Вскоре после войны НКВД переименовали в МВД. Научно-исследовательский институт профессора Руднева превратился в крупное учреждение, помещавшееся в отдельном новом доме на берегу Москвы-реки. Но на дверях этого дома не было никакой надписи, а все научные сотрудники этого учреждения под белыми халатами по-прежнему носили форму НКВД – МВД. Теперь они следили за деятельностью дьявола во всем мире. Того самого дьявола, князя мира сего, за которым когда-то безуспешно охотилась средневековая инквизиция и которого профессор Руднев поставил на службу советской власти.
За особые заслуги во время войны маршал госбезопасности Максим Руднев был назначен первым заместителем министра внутренних дел СССР. Теперь левша Максим мог уничтожить каждого одним росчерком пера. Так исполнилось его детское желание, когда он просил Бога сделать его большим и сильным.
Глава 10
Дом злого добра
Иногда хорошо идти по пути зла, так как это приведет к высшему добру.
Философ-богоискатель Н.БердяевПосле войны Максим жил тихо в заброшенном тупике около Гоголевского бульвара, где нет уличного движения и шума и где осенью вся мостовая покрывается мягким ковром из опавших листьев, из которых мальчишки жгут дымные костры. За тяжелыми, коваными воротами в глубине двора прятался старый барский особняк, до революции принадлежавший крупному немецкому коммерсанту.
Немец был чудаковатый и построил себе русскую избушку, но с немецким акцентом. Сложил из бревен двухэтажный сруб, а затем, памятуя о русских морозах, обил весь дом снаружи и изнутри толстым слоем войлока, из которого киргизы строят свои юрты. Поверх войлока набили дранку и все это оштукатурили. А внутри хитроумный немец вместо обсев оклеил все стены холстом для живописи и заказал художникам масляную роспись, которая соответствовала бы назначению каждой комнаты.
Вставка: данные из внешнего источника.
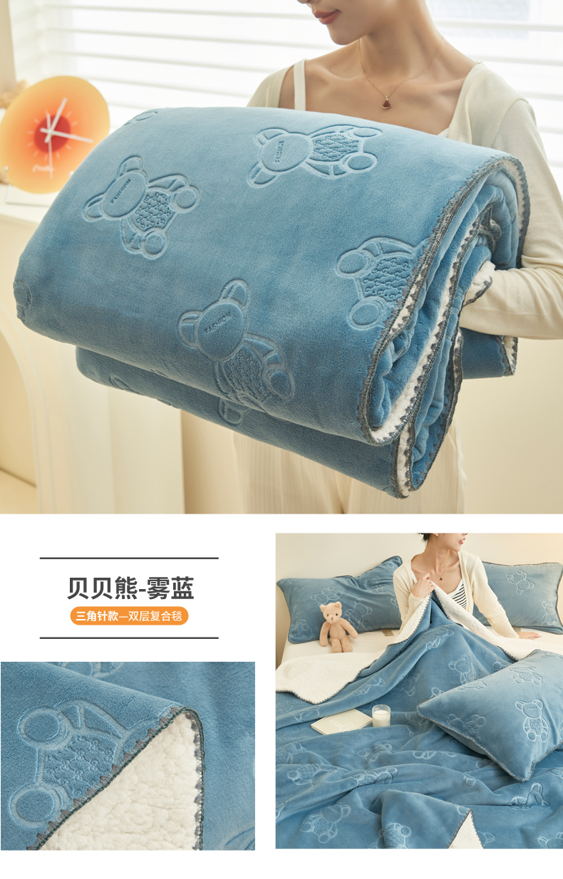 当前位置: 91家纺网 > 商品网购 > 毛毯休闲毯绒毯 > 毛毯 > 21度C 2023新款贝贝熊-布叮熊牛奶绒复合毯 贝贝熊-雾蓝

Широкие венецианские окна были окружены затейливыми витражами из цветных стекол в оловянной оправе, изготовленными по специальному заказу в Нюрнберге. Когда на этих витражах со сценами из Священного писания играл солнечный свет, то казалось, что находишься не в жилом доме, а в старом аббатстве. А на крыше крутился по ветру флюгер с задорным золотым петушком.
Решив поселиться в этом доме, Максим повыгонял из него целую кучу партработников, которые жили здесь целыми семьями в каждой комнате и которые пообдирали стенки так, что под былой живописью, сквозь клочья холста и войлока, можно было проследить всю архитектуру, вплоть до бревен сруба. Потом Максим тщательно реставрировал весь дом, вплоть до золотого петушка на крыше, добавил к чугунной ограде высокий зеленый забор с колючей проволокой наверху и поселился здесь один со своей немецкой овчаркой Рольфом и котом Васькой, которого он когда-то подобрал котенком на улице.
В полуподвале была кухня, куда вела затейливая винтовая лестница и где сверкала немецким кафелем и красной медью огромная русская печь, в которой можно было зажарить целого быка. А рядом комнаты для прислуги, откуда Максим выкурил целое змеиное гнездо тещ, которых даже советские партработники стараются отделять, от своих семей винтовыми лестницами, на которых легко сломать себе шею. В этих комнатах теперь жил дворецкий Николай со своей женой, которая смотрела за кухней.
Как полагается в настоящем барском особняке, в доме под золотым петушком имелось также несколько комнат для гостей, где всегда можно было переночевать. Таким гостем иногда бывал Борис Руднев, когда ночь заставала его вблизи Гоголевского бульвара и когда было лень ехать к себе домой.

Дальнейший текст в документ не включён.